Demo-Hotspot Frankfurt - Festnahmen und Gewalt bei linker Mai-Demo

Bei einer Mai-Demonstration linker Gruppen in Frankfurt hat die Polizei am Samstagabend Schlagstöcke eingesetzt.

Aus dem Demonstrationszug seien Feuerwerkskörper und Nebeltöpfe geworfen worden, berichtete ein Polizeisprecher. Auch seien Beamte angegriffen worden. Es habe daher Festnahmen gegeben. Die Polizei setzte auch Wasserwerfer ein. 

Rund 3.000 Teilnehmer

Die Polizei sprach von mindestens 3.000 Menschen, die sich zu einem "Tag der Wut" zunächst auf dem Opernplatz versammelt hatten und dann durch das Bahnhofsviertel zogen. Laut Augenzeugen waren nahezu alle Teilnehmenden vermummt und gleichzeitig bemüht, die Corona-Regeln einzuhalten. Im Internet war auch zum "revolutionären 1. Mai" aufgerufen worden. Die Veranstalter hatten den Behörden ursprünglich rund 500 Teilnehmer angekündigt.

Bereits am Mittag Kundgebungen des DGB

Bei zahlreichen Mai-Kundgebungen in ganz Hessen haben Tausende Menschen für gerechte Löhne und die solidarische Bewältigung der Corona-Krise demonstriert.

Allein in Frankfurt kamen laut Polizei mehr als 3.000 Teilnehmer zur Kundgebung am Opernplatz zusammen. Nahezu alle hätten Mund-Nasen-Schutz getragen und sehr auf Abstände geachtet, sagte ein Polizeisprecher.

Für den gesamten Bezirk Hessen-Thüringen berichtete der Deutsche Gewerkschaftsbund (DGB) von 36 Veranstaltungen, darunter in Kassel, Hanau, Fulda und Offenbach. Am Nachmittag gab es dann noch eine bundesweite Online-Veranstaltung.

DGB-Chef verlangt Abschaffung geringfügiger und befristeter Arbeitsverhältnisse

Hessens DGB-Chef Michael Rudolph verlangte in seiner Rede unter anderem ein höheres Kurzarbeitergeld von mindestens 1200 Euro sowie die Abschaffung geringfügiger und befristeter Arbeitsverhältnisse. Von der schwarz-grünen Landesregierung forderte der Gewerkschafter ein Konzept, die hessische Industrie sozial und ökologisch nachhaltig zu verändern und Beschäftigung zu sichern.
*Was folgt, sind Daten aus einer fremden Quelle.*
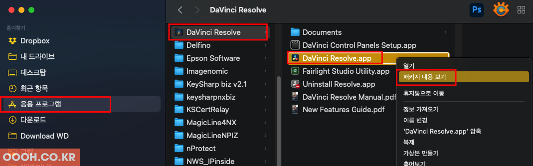 DaVinci Resolve.app > 패키지 내용 표시를 마우스 오른쪽 버튼으로 클릭합니다.
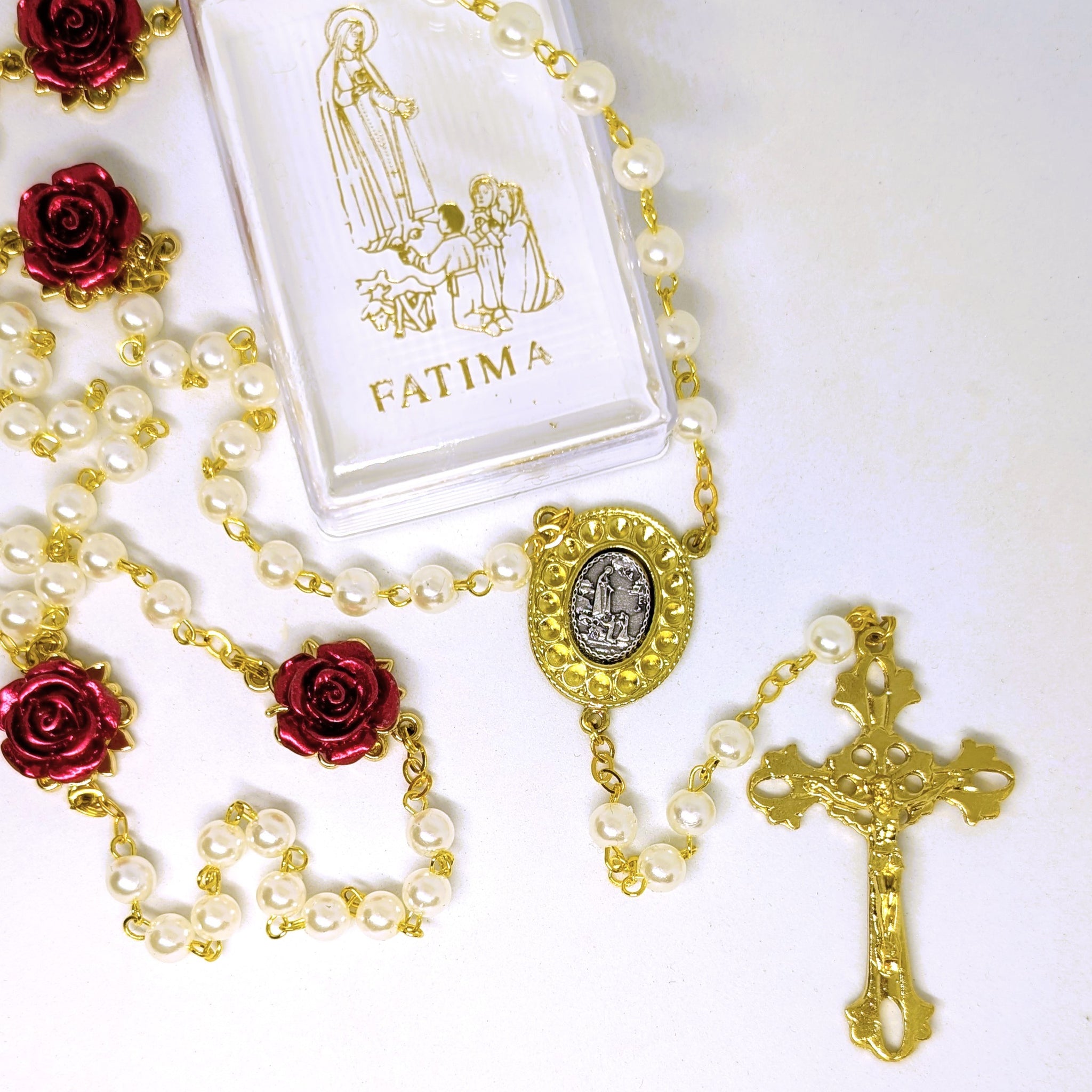 The Roses of Fatima Rosary is a stunning and delicate devotional piece that combines classic elegance with floral symbolism. This rosary features shimmering white pearl beads, while the "Our Father" beads are uniquely represented by detailed red roses. The centerpiece is a silver-toned medal depicting the Apparitions of Our Lady of Fatima to the three shepherd children. Completing the design is a beautiful, hand-worked golden cross, providing a sophisticated contrast to the pearls. This rosary is as much a piece of art as it is a powerful tool for prayer.

Die IG Metall setzte sich für eine Angleichung der Tarifbedingungen in Ost und West sowie für mehr Ausbildungsaktivitäten ein.

Fahrrad-Sternfahrt durch die Innenstadt

Am Sonntag ist noch eine Fahrradsternfahrt mit tausenden Teilnehmern geplant - auch das dürfte die Innenstadt den Tag über lahmlegen.